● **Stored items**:
*****
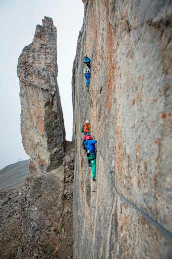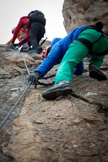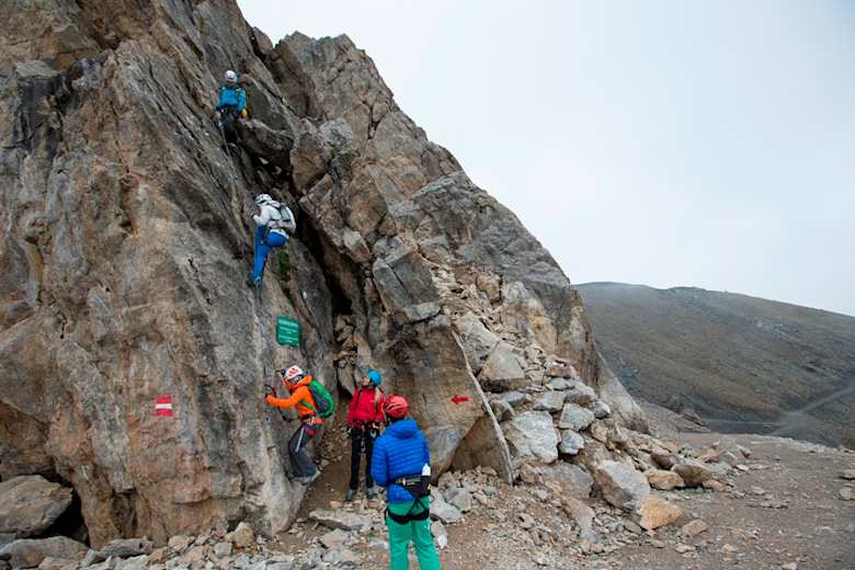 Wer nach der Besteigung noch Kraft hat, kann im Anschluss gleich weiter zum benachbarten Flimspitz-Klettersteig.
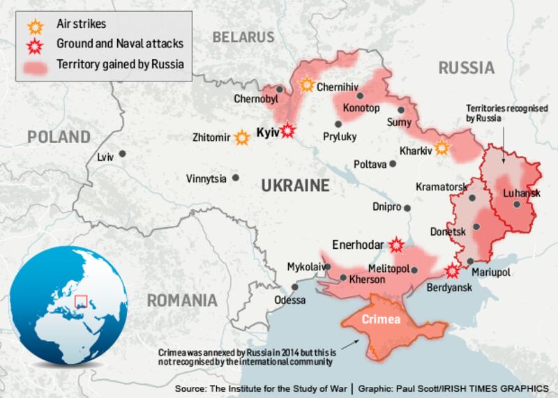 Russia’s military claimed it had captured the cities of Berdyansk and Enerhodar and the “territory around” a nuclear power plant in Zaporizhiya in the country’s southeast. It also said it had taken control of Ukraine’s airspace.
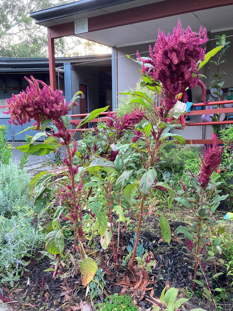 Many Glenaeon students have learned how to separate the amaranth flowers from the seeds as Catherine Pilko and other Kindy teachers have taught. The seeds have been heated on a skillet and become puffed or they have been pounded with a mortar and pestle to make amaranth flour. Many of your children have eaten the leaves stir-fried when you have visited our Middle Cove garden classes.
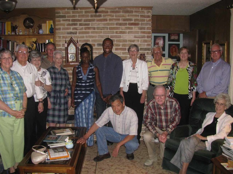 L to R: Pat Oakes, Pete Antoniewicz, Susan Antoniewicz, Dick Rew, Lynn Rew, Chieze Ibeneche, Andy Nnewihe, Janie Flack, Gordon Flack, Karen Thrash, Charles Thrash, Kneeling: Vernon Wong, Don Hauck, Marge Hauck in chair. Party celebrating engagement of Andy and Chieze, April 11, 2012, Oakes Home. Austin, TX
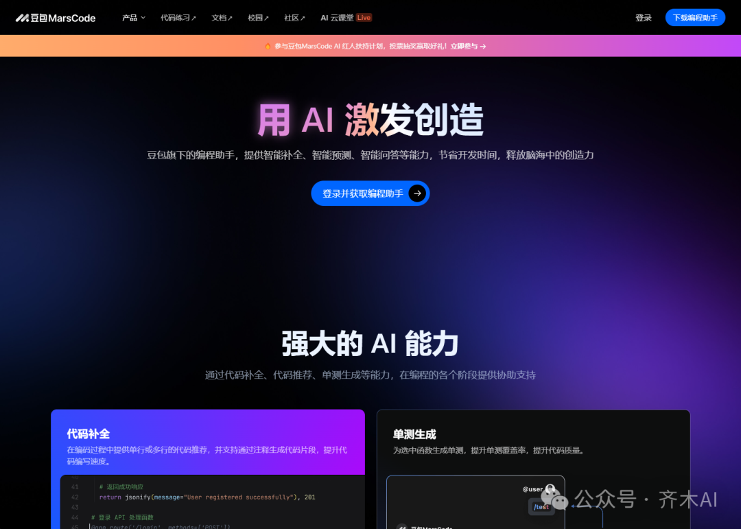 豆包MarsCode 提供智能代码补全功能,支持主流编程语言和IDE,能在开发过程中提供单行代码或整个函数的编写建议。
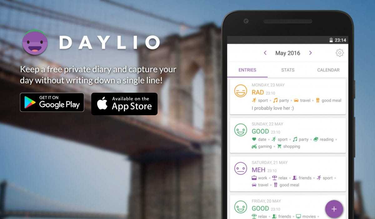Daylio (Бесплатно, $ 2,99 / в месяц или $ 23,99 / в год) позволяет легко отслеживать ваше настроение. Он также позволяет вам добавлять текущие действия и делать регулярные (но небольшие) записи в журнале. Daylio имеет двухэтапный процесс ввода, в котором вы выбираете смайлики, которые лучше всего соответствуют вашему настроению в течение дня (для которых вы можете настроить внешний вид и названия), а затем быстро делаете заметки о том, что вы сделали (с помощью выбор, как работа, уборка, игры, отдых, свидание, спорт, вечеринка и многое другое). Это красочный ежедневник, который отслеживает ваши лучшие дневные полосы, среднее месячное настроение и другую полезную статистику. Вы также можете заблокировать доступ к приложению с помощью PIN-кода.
*****
● **Aim of the exercise**:
Copy every entry exactly, leaving out the pictures.

● **Written reply**:
 Wer nach der Besteigung noch Kraft hat, kann im Anschluss gleich weiter zum benachbarten Flimspitz-Klettersteig.
 Russia’s military claimed it had captured the cities of Berdyansk and Enerhodar and the “territory around” a nuclear power plant in Zaporizhiya in the country’s southeast. It also said it had taken control of Ukraine’s airspace.
 Many Glenaeon students have learned how to separate the amaranth flowers from the seeds as Catherine Pilko and other Kindy teachers have taught. The seeds have been heated on a skillet and become puffed or they have been pounded with a mortar and pestle to make amaranth flour. Many of your children have eaten the leaves stir-fried when you have visited our Middle Cove garden classes.
 L to R: Pat Oakes, Pete Antoniewicz, Susan Antoniewicz, Dick Rew, Lynn Rew, Chieze Ibeneche, Andy Nnewihe, Janie Flack, Gordon Flack, Karen Thrash, Charles Thrash, Kneeling: Vernon Wong, Don Hauck, Marge Hauck in chair. Party celebrating engagement of Andy and Chieze, April 11, 2012, Oakes Home. Austin, TX
 豆包MarsCode 提供智能代码补全功能,支持主流编程语言和IDE,能在开发过程中提供单行代码或整个函数的编写建议。
Daylio (Бесплатно, $ 2,99 / в месяц или $ 23,99 / в год) позволяет легко отслеживать ваше настроение. Он также позволяет вам добавлять текущие действия и делать регулярные (но небольшие) записи в журнале. Daylio имеет двухэтапный процесс ввода, в котором вы выбираете смайлики, которые лучше всего соответствуют вашему настроению в течение дня (для которых вы можете настроить внешний вид и названия), а затем быстро делаете заметки о том, что вы сделали (с помощью выбор, как работа, уборка, игры, отдых, свидание, спорт, вечеринка и многое другое). Это красочный ежедневник, который отслеживает ваши лучшие дневные полосы, среднее месячное настроение и другую полезную статистику. Вы также можете заблокировать доступ к приложению с помощью PIN-кода.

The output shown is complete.